2.Statistical models
Lecturer: dr ir B.P.F. Lelieveldt
Statistical models capture the shape of an object from a training population as an average shape and a number of characteristic variations. These models have been initially developed for shape analysis and gaining insight into typically occurring anatomical variations. Apart from shape analysis, the trained eigenvariations can also be applied to image segmentation by restricting the search space for the model matching to statistically plausible directions. Contrary to the deformable models mentioned earlier, they integrate population based a-priori knowledge about shape and image appearance into the segmentation, further increasing robustness. During this course, two types of statistical models will be treated. Active shape models describe the distribution of a set of characteristic landmark points. ASMs can be used for image segmentation by using local intensity models to find update points for each landmark, and deforming the model within the statistically trained limits. Active Appearance Models simultaneously describe the shape and the intensity of the object of interest as seen in an image patch. Like Active Shape Models, a model of the landmark distribution captures the shape variability, whereas intensities are modeled by mapping the object patches to the shape average, and determining gray value eigenvariations. Model matching is realized by deforming the model in such a way, that it "blends in" with the target image, again constraining the deformation to the statistically trained limits. 
The course will treat the basic concepts behind Active Shape and Appearance models (2D and 3D), and will discuss several medical and non-medical applications (facial recognition, object tracking). In addition, a more superficial overview of alternative statistical modeling methods, such as medial models, statistical deformation models and probabilistic atlases is provided.

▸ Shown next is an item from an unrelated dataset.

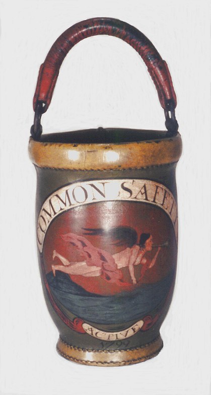 The original bucket that inspired this design was made in Boston around 1800. I'm not certain if this is supposed to represent the angel Gabriel sounding his horn of alarm, or if the artist was attempting to illustrate the mythical god Mercury, patron god of merchants, and had problems differentiating between the two. Mercury firebuckets were a common design during the period. Regardless of the artist's intent, it's an excellent design. |

3. Pattern recognition approaches to image segmentation
Lecturer: Dr. M. de Bruijne (IT University Copenhagen and dept. Medical Informatics Erasmus MC)
Image segmentation can be formulated as a pattern recognition problem. Once an image is divided into elements, one can segment an object of interest by classifying each element as belonging to the object or not. To this end, features need to be computed for each element, and a classifier must be trained to map feature vectors into object labels. The elements can be simply voxels or pixels, or other primitives, such as the output of a watershed segmentation or line elements obtained by ridge detection etc. The basic concepts of such segmentation schemes will be presented and illustrated with a range of applications. Several techniques for post-processing classification results will be discussed, such as iterative relabeling, relaxation labeling or Markov random field models. In addition, it will be demonstrated how active shape and appearance model segmentation schemes can also benefit from the use of more complex features and classifiers that are not used in their original formulation.